My question is, should we value expectation? Or is it better to go through life without preconceived notions?
While it’s probably impossible to separate real life from what we expect life to be, it’s interesting to consider. If I hadn’t expected to be in England, would I be open to visiting other countries when the program fell through? If my brother hadn’t studied abroad, would he and my parents have different thoughts about my experience? These questions apply in so many aspects of life, whether study abroad or simple, day to day decisions, but are never really acknowledged. As human beings, we have expectations. But rather than simply saying, “This is what I expect” of ourselves and others, we disguise the things we want beneath different labels. “I just really wanted…” or, my personal favorite, “If only I could have…” are perfect examples.

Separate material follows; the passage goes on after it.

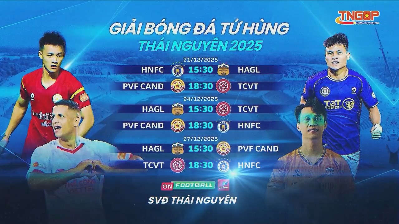 Lịch trình thi đấu các trận của Giải bóng đá Tứ hùng - Thái Nguyên năm 2025

Why can’t we just accept that expectations often fall through?
Why can’t we live without expectation?
Or, better yet, would we want to?
Living life without expectation would also mean living life without regret. I try my best not to put stock in regret, but that standard is often difficult to uphold. There are so many things I want to do in my life. Pardon, let me rephrase that. There are so many things I expect of my life, and I fear that leaving one aspiration untouched will leave me with regret I can’t shake.
Study abroad. Study abroad. Study abroad.
The beat is quieter now. The motivation is less. I don’t know whether or not my expectations, or those of my family, will be fulfilled. Right now, I don’t have the time to think about it. There are other expectations I have, such as my GPA for this semester and my personal hygiene, closer to the forefront of my mind.
My goal today is to enter every situation without expectation. I want to let go of preconceived notions, at least for today, and see how it feels.